Nanotechnology may also convert biomass into fuels, chemical intermediates, specialty chemicals, and goods such as catalysts, lowering manufacturing costs while remaining economically viable.
These nanostructured catalysts have a vast surface area per unit volume and may have carefully regulated composition, structural functionalization, and other essential catalytic features.
For "sustainable intensification," nanotechnology has the ability to protect plants, monitor plant development, identify plant and animal illnesses, boost global food supply, improve food quality, and minimize waste.
Nanotechnology has enormous promise because of its applications in industries such as agriculture and the food system, which may improve people's quality of life.
It has become the future of any country all around the planet.
However, we must exercise extreme caution when introducing any new technology because of the unknown hazards that may arise due to its great potential.
However, a skilled future workforce in nanotechnology is equally crucial for a nation's future.
The first stage in this process is to educate the general population about its benefits, which will result in a great surge in interest and the discovery of new applications in all disciplines.
This review was created with this notion in mind.

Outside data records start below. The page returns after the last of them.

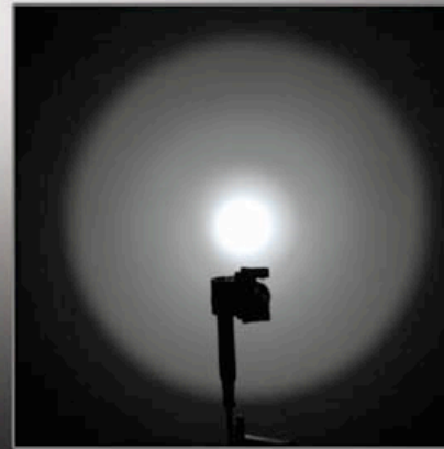
70 Lumens (8hrs)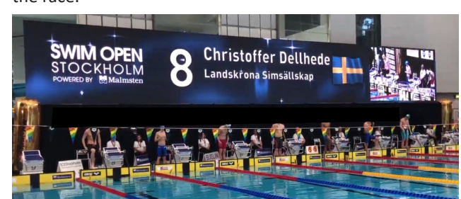
Custom Graphics for swimming event (25x3m video wall with 5200x624 pixels)

Below is an example of a wide video wall showing competition logo, lane presentation and live video just before a start. By switching combined output scene, an animation is made to reveal the scoreboard shown during the race.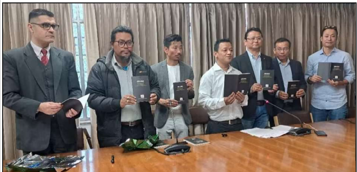
Alima nung Meitei nunger network Meitei Alliance-i Centre, state sorkar aser Manipur nung Kuki National Organisation (KNO) o United People's Front (UPF) Suspension of Operations Agreements (SoO) tsüingda sign sütepa aliba agientsü takhangba agütsüogo. Kuki nunger teloktemi SoO nung aliba Agreed Ground rules alema teti inyaksangshir ta Meitei Alliance-i metetdaksü.

Delhi University nung graduates-i Vasudhaiva Kutumbakam sobaliba benshia alima ajunga nung tenüing yanglutetsü ayongzük.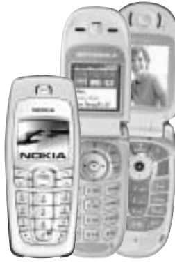
Nokia 6010, Motorola V220 and Motorola V505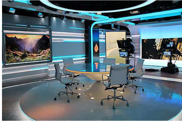
Al Jazeera's Washington, DC Bureau, Washington, DC

multiple edit suites, and a single news studio. Coordination with Al Jazeera's systems integrator and set designer was a challenging yet crucial part of getting the space built-out to meet Al Jazeera's construction timeline. The building remained occupied and operational with its current tenants throughout construction.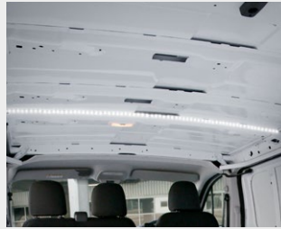
LED Interior Lights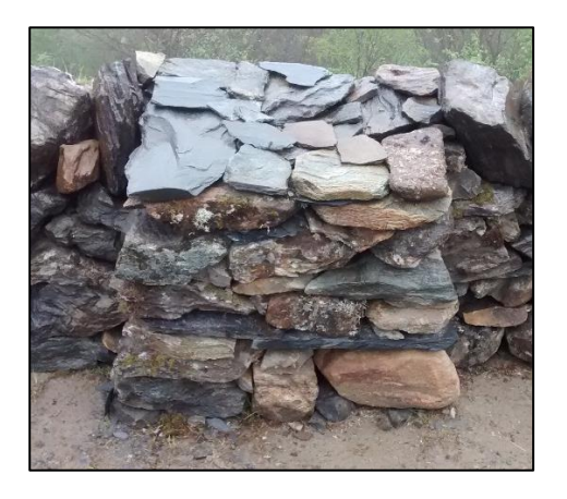
Plinth for 'Interpretation Board'

To complete the project, we now need to design and add an 'Interpretation Board' to the plinth in the viewpoint wall. Funding for this vital final element is currently under consideration.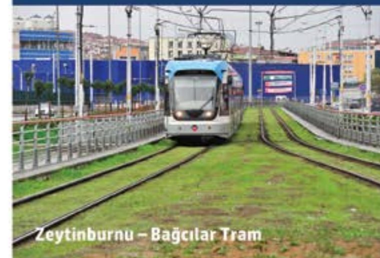
Zeytinburnu – Bağcılar Tram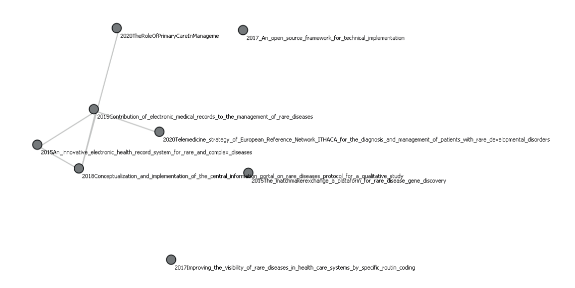
Figure 3 – Multidimensional scaling to adjust the distance between articles

The future of nanotechnology is uncertain for a variety of reasons, including public opposition to genetically modified crops, a lack of many necessary skills in public agricultural research organizations for this type of research, and ill-equipped and somewhat hesitant regulatory structures to deal with with with these new technologies.
There is an urgent need to remove the severe barrier between the social and natural sciences. If we are successful in doing so, we may be able to construct a more desired and democratic sociotechnical future.